To answer the second part of your question, this a tricky thing because of the fact that changes to contenttypes on the sitecollection won´t be pushed down to the lists where it´s used. A "copy" is essentially made of the fields in the sitecollection and there is no more link between them after you add a contenttype to the list. I think this is due to the fact that you are supposed to make changes to lists without it affecting the sitecollection. Anyhow my contribution to this "problem", and how I have solved it, involves making the xml the "master" and in a featurereceiver I pull up the xml and find all places where the contenttype is used and from there update the contenttypes (really the fieldrefs) on list level to match the one in the xml. The code goes something like:
var elementdefinitions = properties.Feature.Definition.GetElementDefinitions();
foreach (SPElementDefinition elementDefinition in elementdefinitions)
{
if (elementDefinition.ElementType == "ContentType")
{
XmlNode ElementXML = elementDefinition.XmlDefinition;
// get all fieldrefs nodes in xml
XmlNodeList FieldRefs = ElementXML.ChildNodes[0].ChildNodes;
// get reference to contenttype
string ContentTypeID = ElementXML.Attributes["ID"].Value.ToString();
SPContentType ContentType =
site.ContentTypes[new SPContentTypeId(ContentTypeID)];
// Get all all places where the content type beeing used
IList<SPContentTypeUsage> ContentTypeUsages =
SPContentTypeUsage.GetUsages(ContentType);
}
}
The next thing is to compare the fieldrefs in xml xml with the fields on the list (done by the ID attribute) and making sure that they are equal. Unfortunately we can´t update all things on the SPFieldLink class (the fieldref) and (yes I know it´s not supported) here I have actually used reflection to update those values (f.e. ShowInEditForm ).

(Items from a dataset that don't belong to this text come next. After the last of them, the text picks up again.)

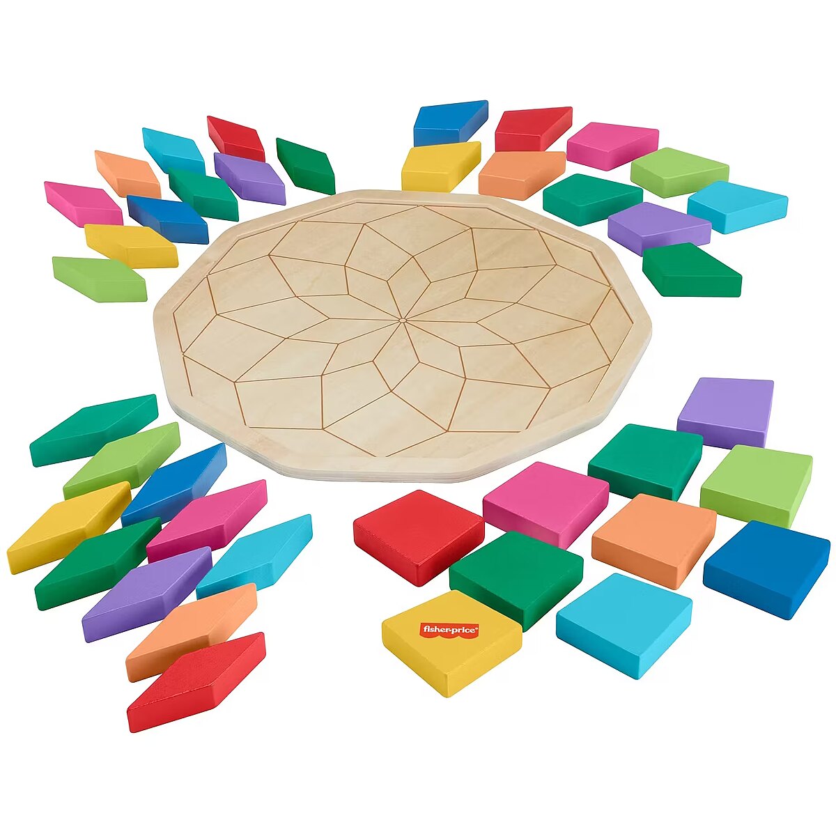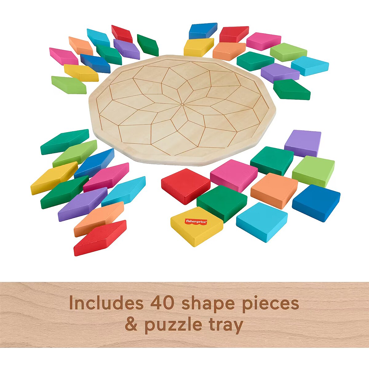 Title - Fisher-Price Wooden Mandala Geometric Puzzle for Toddlers & Kids, 40 Wood Pieces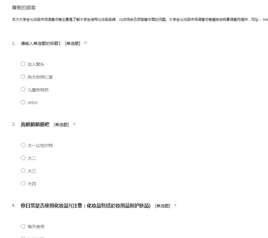 本次大学生化妆品市场调查问卷主要是了解大学生使用化妆品品牌、化妆场合及频率等方面的问题。大学生化妆品市场调查问卷模板由我要调查网提供,网址: http://www.51diaocha.com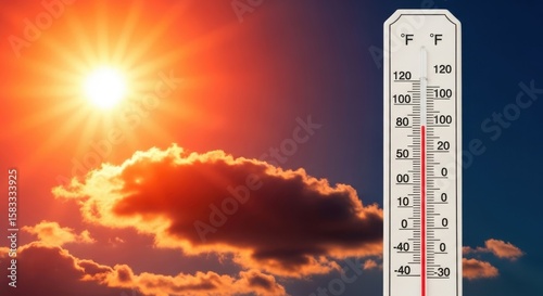 Scorching sun and high temperature reading on thermometer indicate heatwave
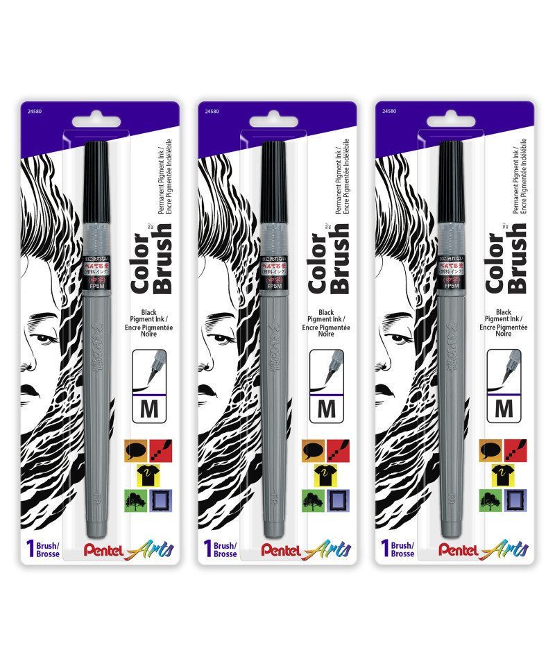 Pentel Arts Color Brush with Pigment Ink, Medium Tip, Black, Pack of 3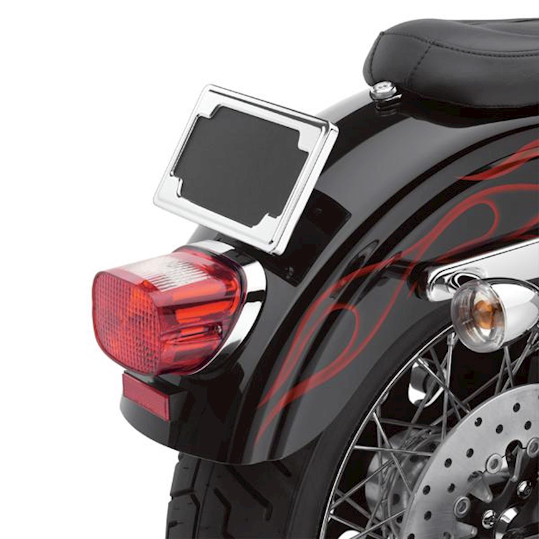 Wrap your license plate in chrome. This mirror-finish license mount tips the plate back for a sleek appearance and conceals the mounting hardware for a custom look. The front frame covers the license holes and the mirror-smooth back plate hides the unfinished rear of the plate. Kit accepts plates measuring to 7.25" x 4.25" (184 x 108mm). Kit includes installation hardware and rear fender reflector.

As far as the second part of your question, I wanted to pass along what we've done for similar situations in the past. In our situation, we needed a couple of different scrips: One that would allow us to propagate content type updates down to all of the lists in all webs and another that would reset Master Pages/Page Layouts to the site definition (un-customized form).
So, we created some custom stsadm commands for each of these actions. Doing it this way is nice because the scripts can be placed into source control and it implements the already-existing stsadm interface.